もともと土が浅かったのですが、それでも30㎝は地面に根をおろしています。

早朝、みんなで一斉に収穫です。大根がそろってすべて収穫できました。ちょっと曲がりましたが、漬物なら問題なし。

まとめ

①種まきと間引きは収穫したい大根によって、間引きのやり方をを変えます。

太く大きい大根をできるだけ早く収穫したいなら、できるだけ間引きをこまめに広く株間を取る。長い間、細く長い大根が欲しいなら間引きを少なく、間引き間隔で長く収穫しよう。

②害虫は、いつもあなたの畑を見ています。

人間「今年良いもの採れたから来年もここでちょっと早く沢山やってみよう。」虫「今年ここにこんないい大根がたくさんあったね。来年はもっとみんなで食べちゃおう。」きちっと害虫対策をしましょう。害虫が発生してからでは手遅れになることもあります。

③大根は高温・乾燥が苦手です。

播種のタイミングがすべての作業に影響します。なので地域に見合った時期が絶対です。早撒きは私はおススメしません。失敗の原因はここにあると思います。また、大根の収穫適期はあっという間にやってきます。収穫適期を逃すと芯いり原因になることもありますので注意してください。

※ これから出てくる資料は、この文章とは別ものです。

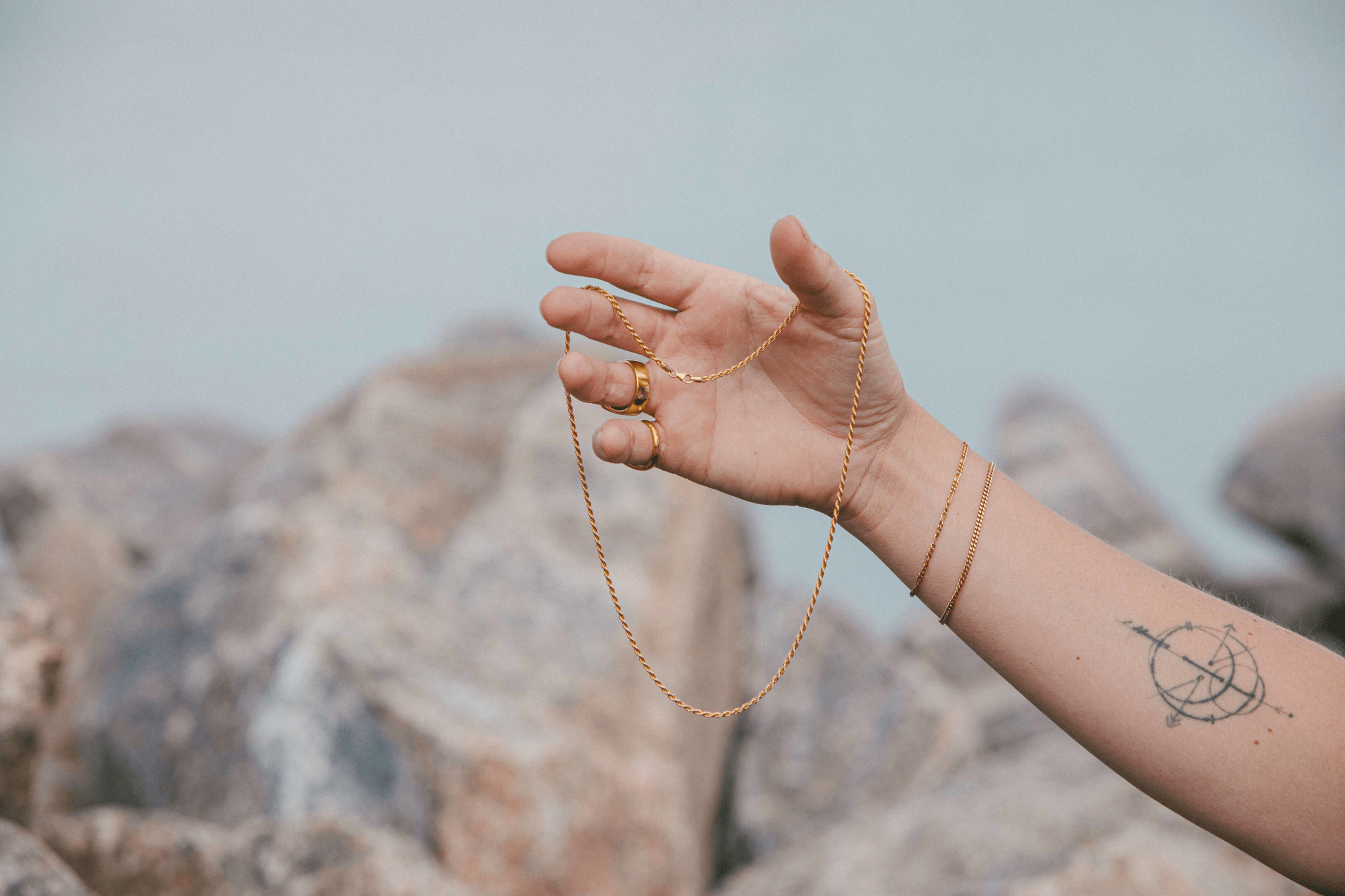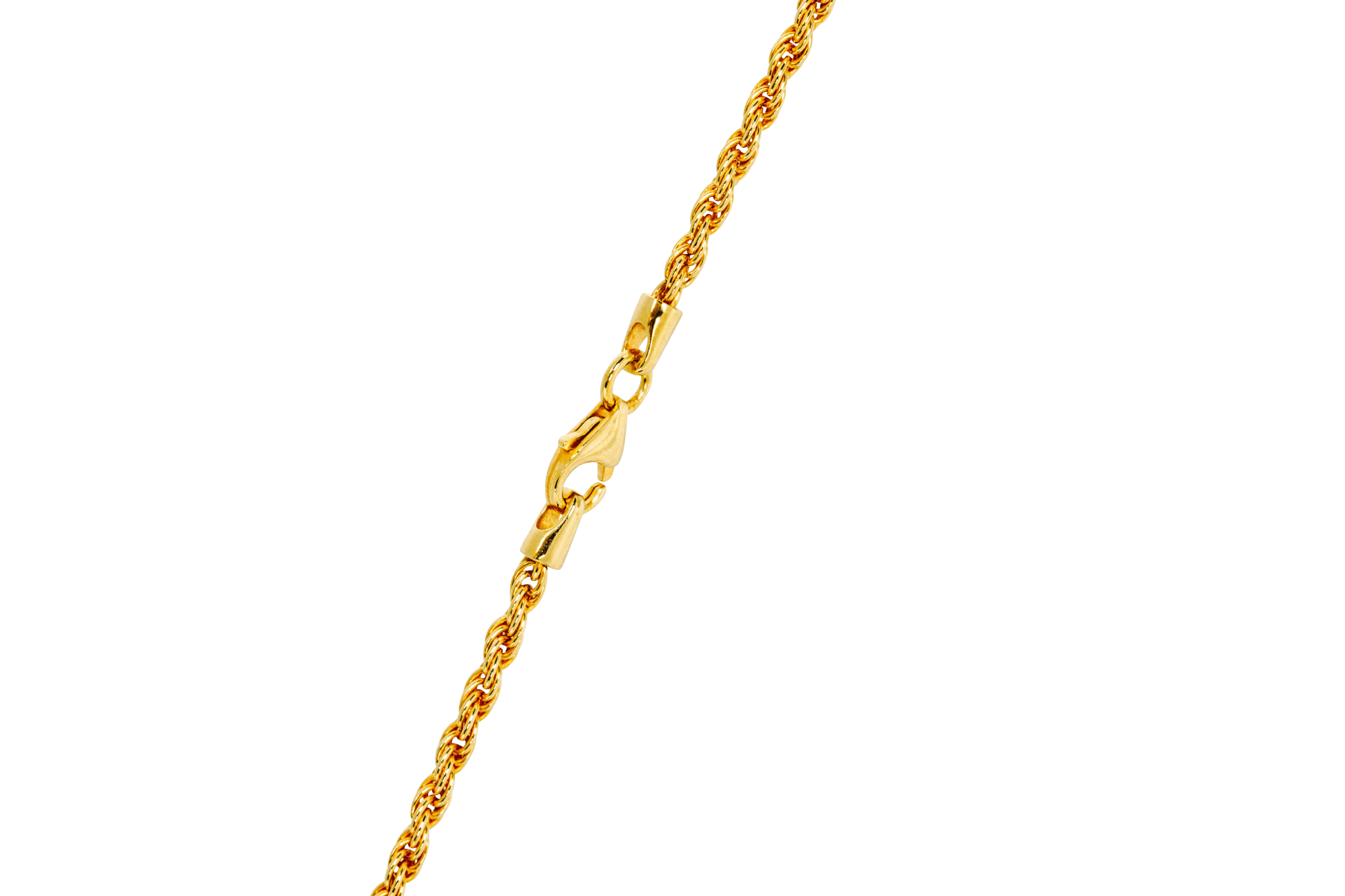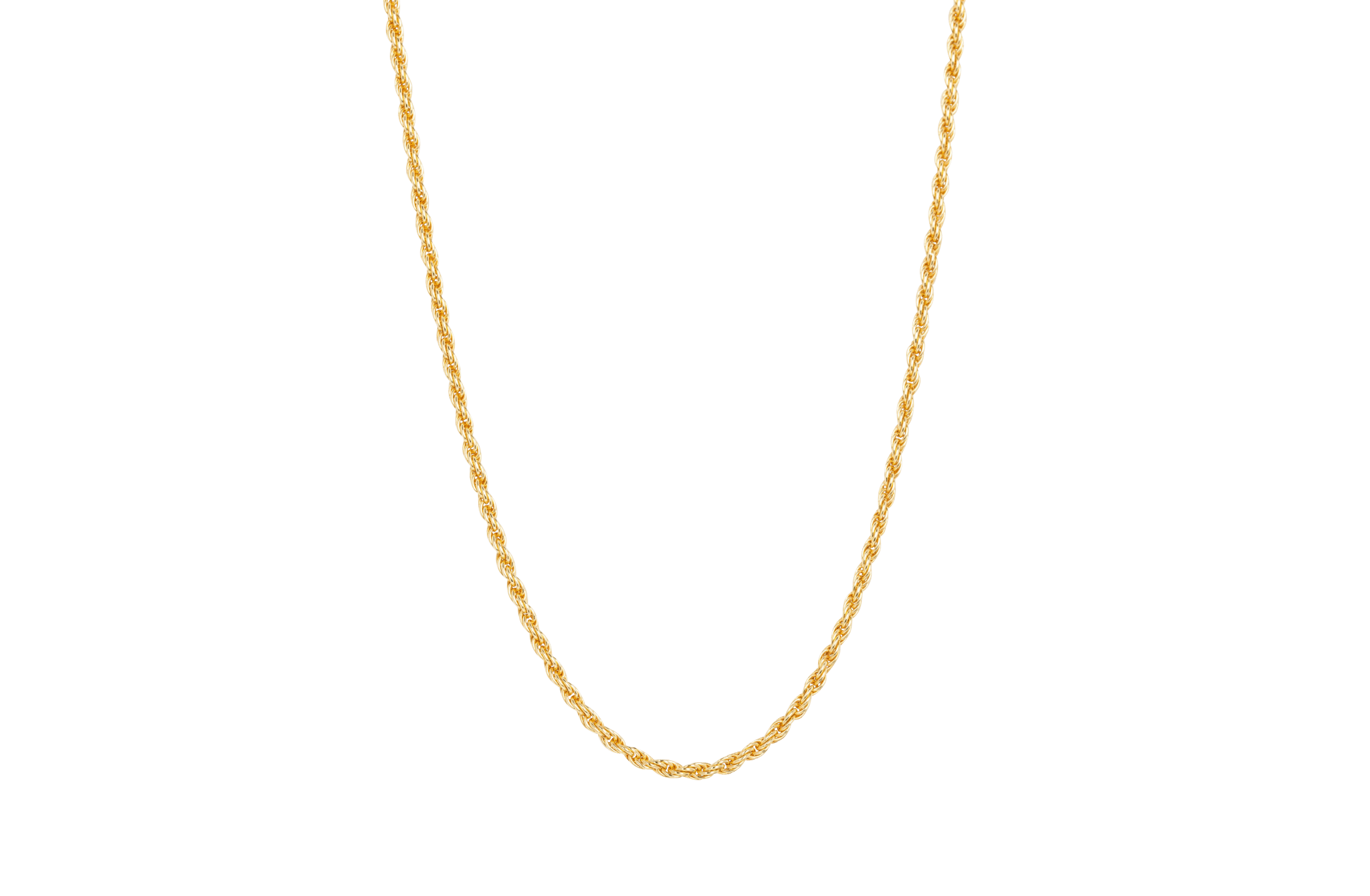 Den här kedjan kan vara både den perfekta vardagskedjan eller kedjan du bär för den perfekta utekvällen. Kedjan föreställer rep som vackert slingrar sig runt varandra. Du kan med fördel varva den med våra övriga kedjor eller göra den personlig med en av våra IX Letter-charms. • Smycket är tillverkat av 100 % återvunnet 22-karats guldpläterat 925-sterlingsilver. • Alla våra smycken är stämplade med 925 IX på insidan – det är vår professionella namnstämpel, registrerad av den danska ädelmetallkontrollen.Mannen bär halsbandet i 50 cm.Damen bär halsbandet i 50 cm.

丁寧に深く耕す。土が少なく浅い場合は、畝を立て、土の量を確保する。

大根の根の障害

又根

未熟たい肥や肥料などのある所に、根が伸びてきた場合、根の先端が痛んでしまったことによることで起こります。したがって、大根の肥料はなるべく早く土になじませておく、たい肥は前作の時にいれ、大根作には使わない方がいいと思います。

ス入り

切ってみると中がスカスカのスポンジのようになっていること。瑞々しい感じではなく白く濁って見えます。

根の肥大が急激に起こるような場合です。株間を大きく取り過ぎてしまった場合、どんどん成長が進み過ぎています。

また肥料と気温に影響されてこの症状が起こります。なので早撒きしないようにお願いします。

皆さんの地域に合ったまき時です。私の地域だと9月入ってからですね

上の縦割りした大根見てください。先の方が黒い筋が入っているのがわかりますか?

では、青首のところはどうでしょう。切ってみるとこんな感じで白くなっているのがおわかりだと思います。こうなってしまうとほとんどの大根も同じ症状です。全て無駄になってしまいますね。

裂根

大根の根に縦にひびが入る現象です。これは中と外の根の成長バランスが崩れて起こるので株間が広い所に多く発生します。少し株間狭くしてみてください。

網入り

根の表皮に網目があるように見えます。これを網入りと言います繊維が固いです。高温・乾燥状態で起こるので気を付けましょう。

ps あと大根引きには腰痛にご注意。